DYNAMIC WARM UPS - OPTIMISING YOUR WORKOUTS

Image: Designed by Freepik

Image: Designed by Freepik

 

The majority of endurance athletes training at a gym will do a five minutes warm-up on a cardio machine, consider it done and move straight on to the main workout. Now don't get us wrong there's nothing wrong with this - yes, you are increasing the heart rate, which in turn increases your circulation and gets blood pumping round the body to the working muscles. However to truly get the best out of your session your warm-up shouldn't stop there.  

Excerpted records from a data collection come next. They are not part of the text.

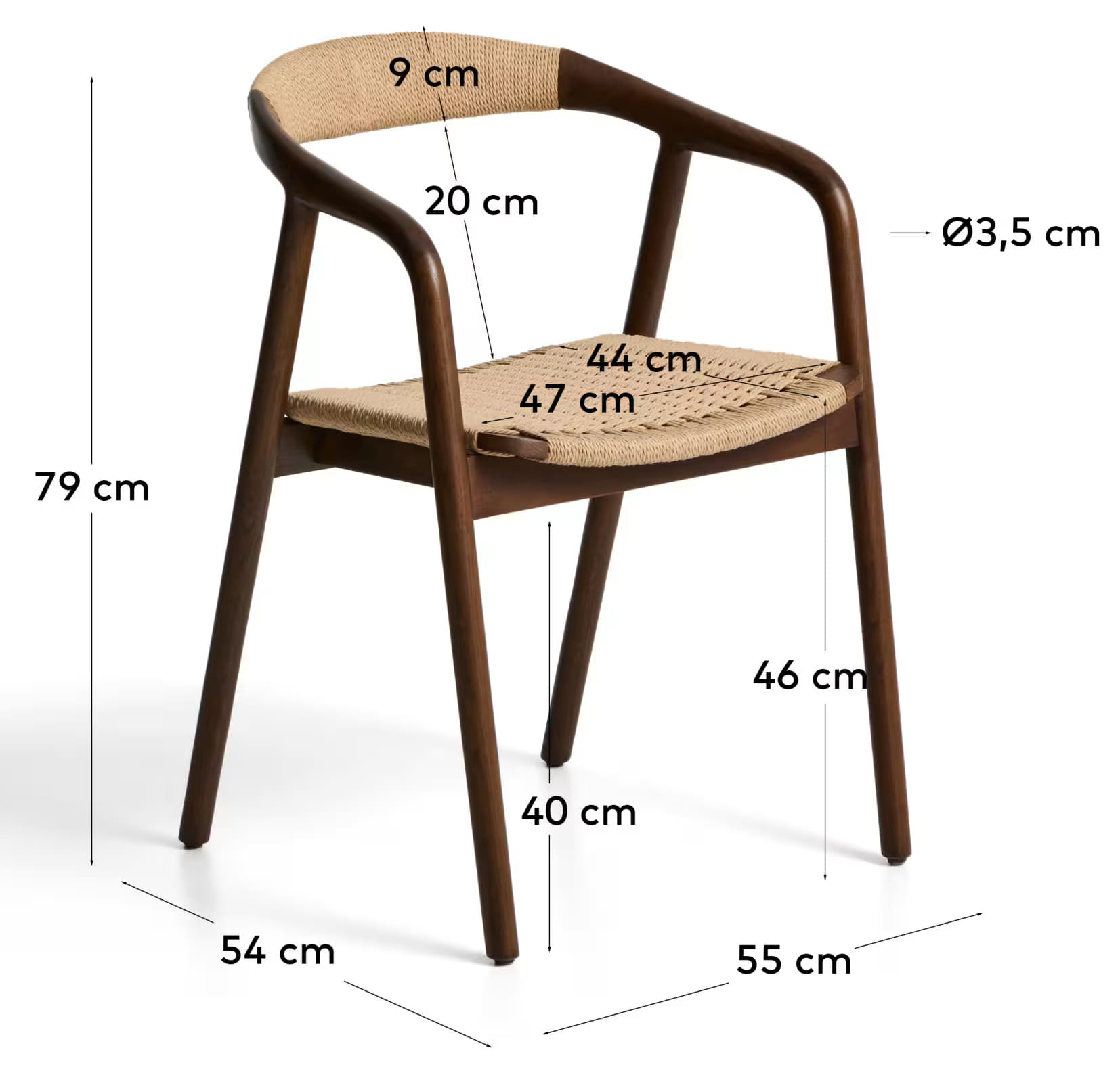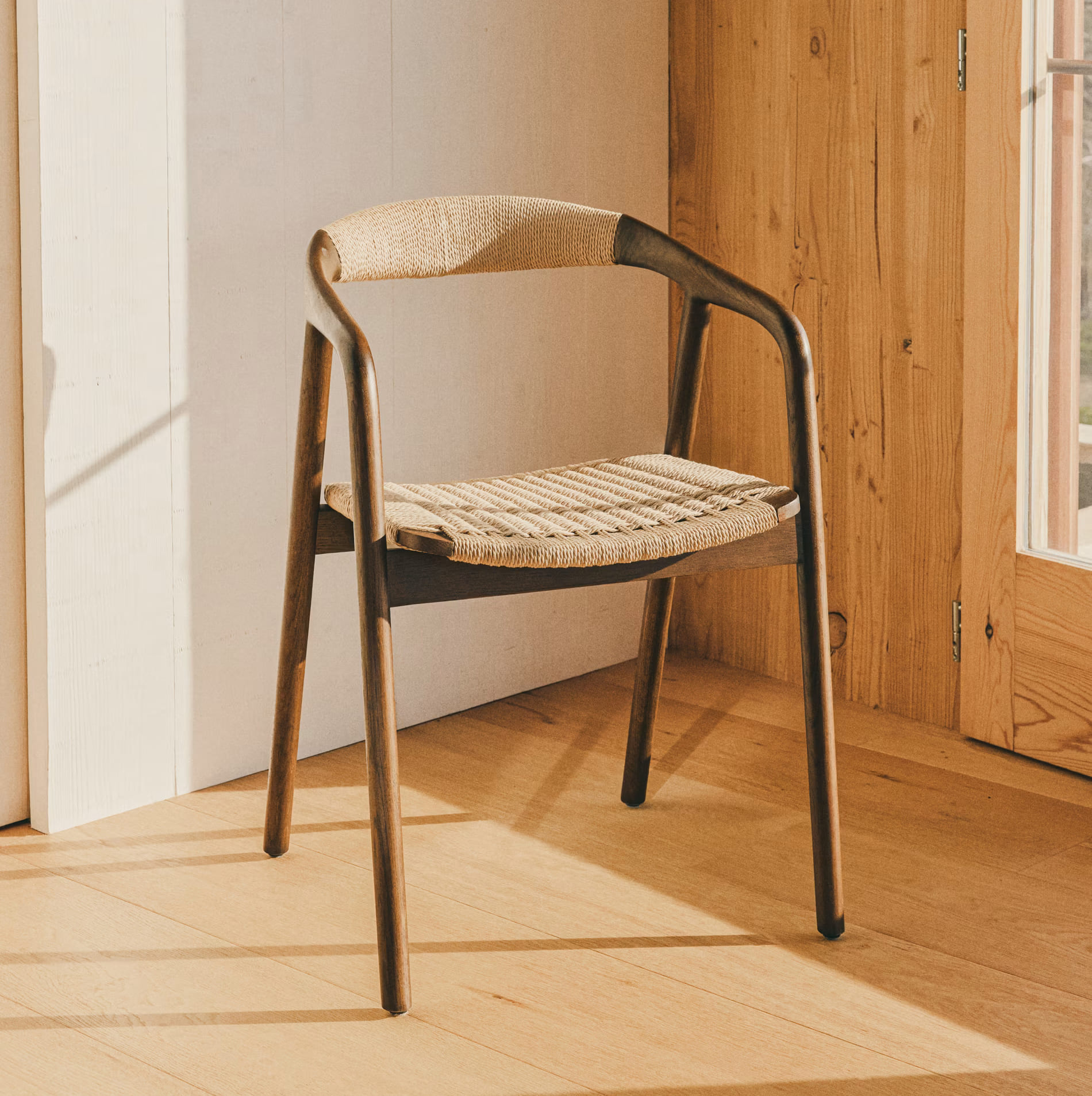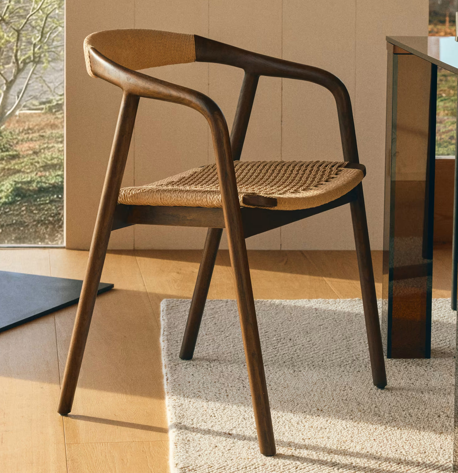 - Стілець виготовлений із масиву дуба, сидіння та спинка — зі сплетеної вручну мотузки.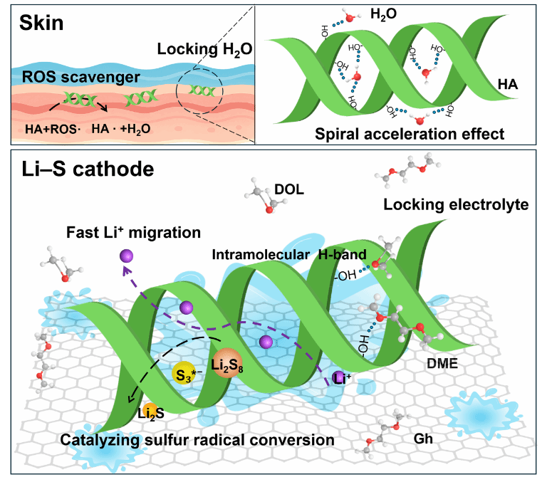 近日,受到天然保湿材料解决人体皮肤缺水问题的启发,我校杨植教授、杨硕副教授与济南大学刘浩博士合作,提出一种创新性策略:将天然保湿材料——透明质酸HA作为催化剂引入硫阴极,实现高性能锂硫电池。实验和分子动力学模拟结果表明,HA可以通过其双螺旋结构中的分子内氢键牢牢的吸附电解液,确保电解液与电极表面充分接触,营造局部电解液充足的反应微环境;同时,HA的N位点能够吸附并催化多硫化物的可逆转化;此外,HA独特的双螺旋结构凭借螺旋加速效应促进了Li+的传输。在三重协同作用下,电池性能得到显著提高。CNT−S/HA阴极(约80 wt%硫含量)表现出良好的初始容量、高倍率性能以及长循环寿命。特别是在硫负载为8 mg cm−2、E/S比为3 μL mg−1的贫电解液条件下,锂硫软包电池实现了11.76 mAh cm−2的高面积容量,能量密度达到409 Wh kg−1。此外,1.5 Ah软包电池可驱动无人机续航20分钟,续航时间远超传统锂电池约4倍。该工作为开发天然保湿材料在下一代储能设备中的应用开辟了创新途径。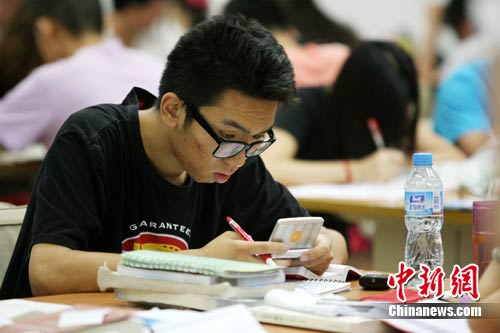 8月18日,北京一中学生在首都图书馆自习室赶工暑假作业,忙得焦头烂额。快乐的暑假行将结束,孩子们终须面对未完成的作业,不得不重新捡起课本,到自习室里“蛰伏”。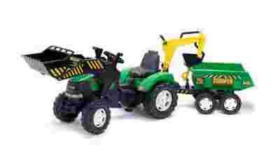 Traktor na pedałki przyczepą, ładowaczem i koparką Falk 1005W - kolor zielony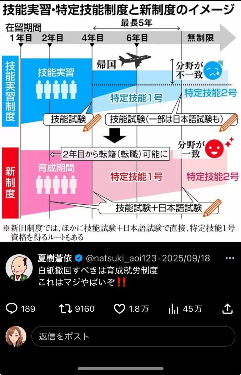 技能実習は 日本で技術を学んで、その学んだ技術を母国に持ち帰って母国を発展させようって制度 だから帰国する前提 なのに育成就労制度は 日本で技術を学んでそのまま働けるようにする制度なんよな あれ? 途上国の発展に貢献とかじゃなくなってる😳 #外国人育成就労制度反対 #家族帯同反対 x.com/midorin_dqw/st…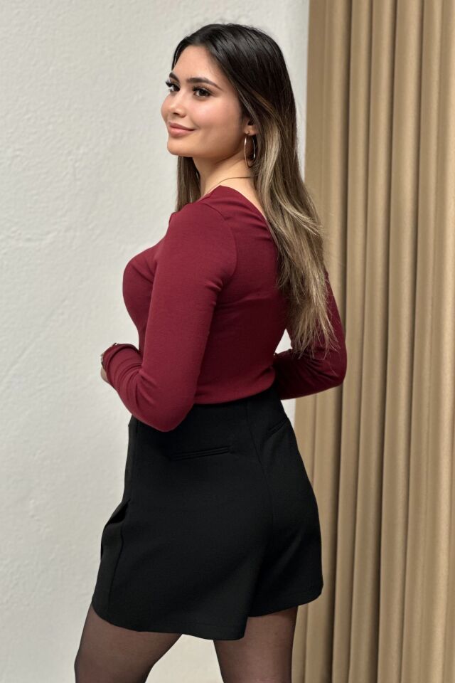 Kapama Detaylı Şort Etek Siyah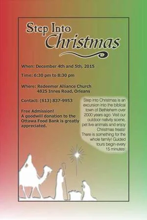 You’ll find “Bethlehem” at Redeemer Alliance Church at 4825 Innes Road, Orleans from 6:30-8:30pm on Friday and Saturday, December 4 and 5. Tours start every 15 minutes, and free parking is available on site.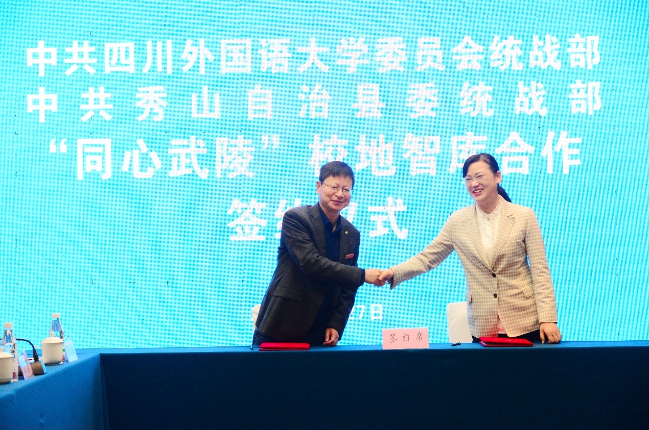 在听取秀山县领导介绍秀山经济社会发展及非遗文化传承与保护后,苟朝莉代表学校向与会领导和嘉宾介绍了川外在学科专业建设、国际化特色办学、高端智库打造等方面的综合情况,特别是学校依托国际化特色高校建设在涉外服务和咨政建言领域取得的重要成绩。她强调,在川外定点帮扶秀山乡村振兴的大背景下,学校积极支持和促成双方围绕非遗文化和智库建设拓展合作维度,强化合作效用,提升合作质量,既有助于推动秀山经济社会进一步快速发展,又有利于学校借助社会资源反哺教学科研,为师生学以致用,履行社会责任提供更大平台,实属一件合作共赢的好事情。为更好地发挥校地双方各自的比较优势,学校党委统战部还与秀山县委统战部签订了“同心武陵”智库建设合作协议,标志着双方的实质性深度合作迈上一个新台阶。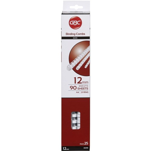 GBC Plastic Binding Comb 12mm 21 Loop 90 Sheets Capacity White Pack Of 25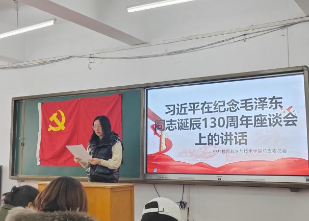 2024年1月8日,在教科院406教室,召开“习近平在纪念毛泽东同志诞辰130周年座谈会上的讲话”主题党日活动,活动由田莺领学。活动过程中教师认真学习了理想理论与教育教学,育人理念与师风师德,历史使命与责任担当,教育改革与创新发展相关方面的知识。
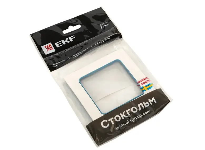Стокгольм Рамка 1-местная белая с линией цвета синий EKF PROxima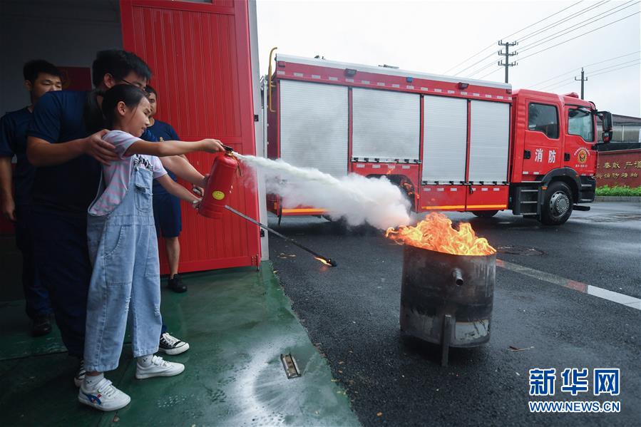 7月16日,東林鎮(zhèn)消防綜合應(yīng)急救援隊(duì)隊(duì)員在給學(xué)生們講解滅火器的使用方法。當(dāng)日,浙江省湖州市吳興區(qū)東林鎮(zhèn)舉辦暑期“安全防護(hù)小超人”主題活動(dòng)?;顒?dòng)由醫(yī)護(hù)人員、消防隊(duì)員等為學(xué)生及家長(zhǎng)講授日常安全避險(xiǎn)及溺水急救知識(shí),中小學(xué)們還在現(xiàn)場(chǎng)學(xué)習(xí)了簡(jiǎn)易包扎、心肺復(fù)蘇的正確方式,并了解滅火器、滅火毯等消防器材的使用,為學(xué)生平安過(guò)暑期打好安全防護(hù)“預(yù)防針”。新華社記者 徐昱 攝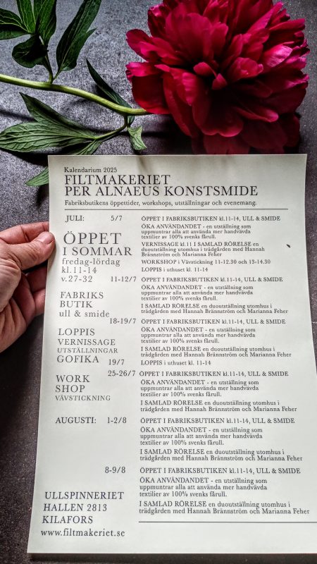 Filtmakeriets produktion följer fåråret. Efter höstklippningen arbetar vi fokuserat med sortering och tvätt tills vårvintern är över. När vårvärmen kommer stänger vi ullsorteringen och jobbar vidare med alla andra steg i beredningen. Målet är att bereda och förmedla ullen vidare innan nästa höstklippning så fler kan få njuta av dess goda egenskaper och vi kan fylla på ullförråden igen. Ull är en färskvara som mår bra av att vara i rörelse. Den har oändligt med användningsområden och är skön att handarbeta med. Vi uppskattar ullens alla fibergrovlekar och färger. Vår önskan är att ullen i våra produkter används till nyttoplagg och inredningstextilier som i sin tur används flitigt och länge!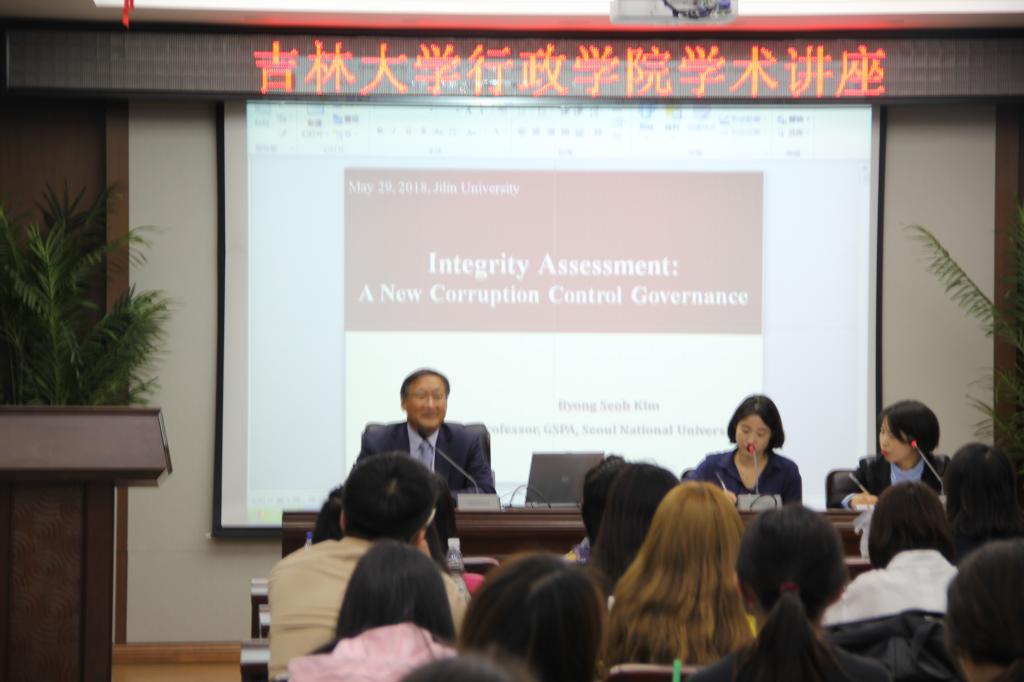 2018年5月29日下午1点30分,由吉林大学行政学院、吉林大学廉政研究与教育中心共同举办的行政学院学术讲座在东荣大厦三楼B303廉政中心第一会议室如期举行。首尔大学行政学院国家领导力研究所所长、韩国行政学会会长金秉燮 教授为大家带来了题为“公共腐败与市民容忍度:给予朴槿惠案的反腐经验”的讲座。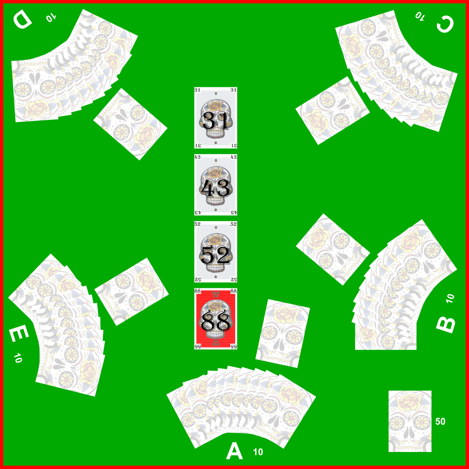 | A jokalariak lau karta jarri ditu mahai erdian ahoz gora eta, ondoren, hamarna karta banatu dizkie jokalariei. 50 karta eskutik kanpo geratu dira. Jokalariek karta bana aukeratu dute. | Jokalariek aukeratutako kartak ahoz gora jarri dituzte: A (33) jokalaria hasiko da; ondoren, C (35), B (49), E (55) eta D (93) jokalariek jarriko dituzte beraienak. | Jokalariek kartak lerroetan jarri dituzte eta bigarren karta aukeratu dute. |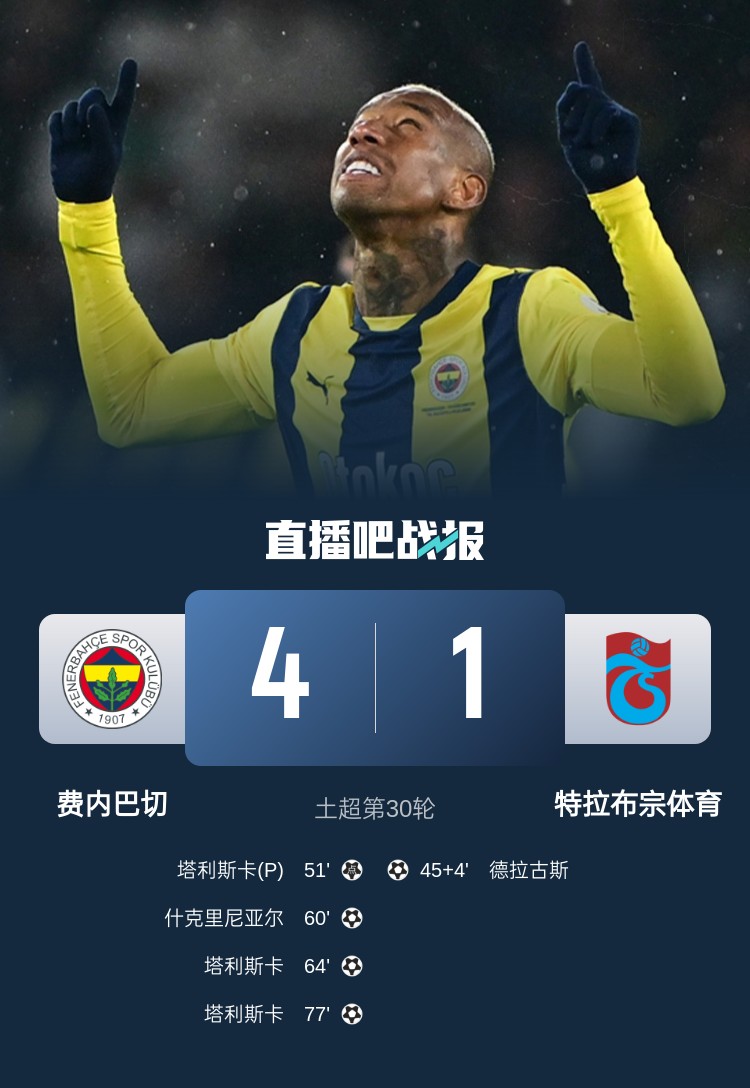 費(fèi)內(nèi)巴切本輪4-1擊敗特拉布宗體育,塔利斯卡戴帽,費(fèi)內(nèi)巴切距榜首3分。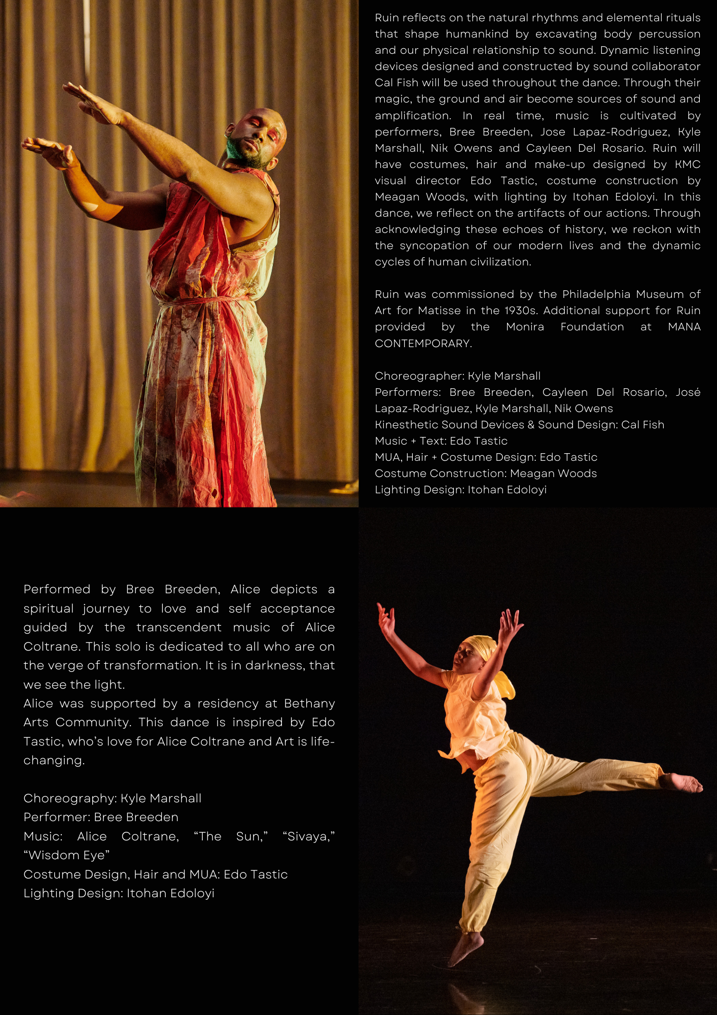 The sound score of Alice is a mashup of Alice Coltrane’s music. Reflecting inward transition, we chose stage-worthy home wear, layering with hues of yellow. The durag represented the protection of self, spirituality, and culture.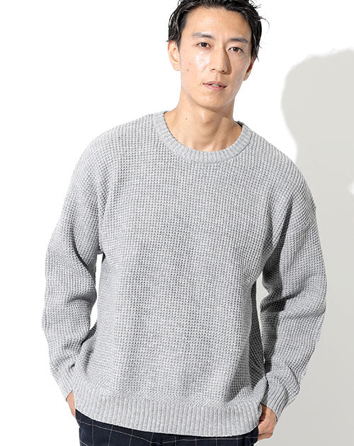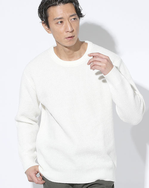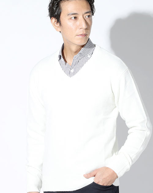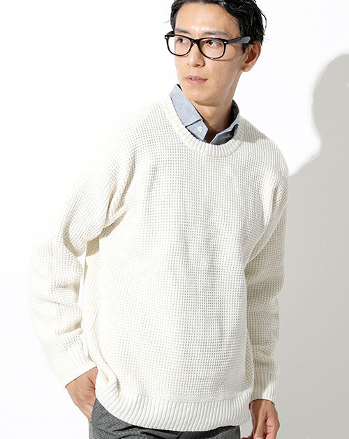 また、白はシンプルだからこそ素材感やシルエットが重要。ハイゲージのVネックなら知的でキレイめに、ワッフルやローゲージの丸首ならリラックス感のあるおしゃれカジュアルに。季節感を出したい秋冬シーズンにはオフホワイトの温かみある色味が最適です。

By adding in DYNAMIC warm-up routine to this preparation phase, you will not only help to develop your flexibility and mobility but also prepare yourself for the session to come. As endurance athletes, our warm-up during our sport-specific sessions often follow the same movement patterns as our main session, be it just at a lower intensity. Rarely do we ask our bodies to move in planes outside of our run stride, swim stroke and bike pedal stroke and therefore our bodies become conditioned to this linear and frontal motion, never really exploring the capability of full range of motion.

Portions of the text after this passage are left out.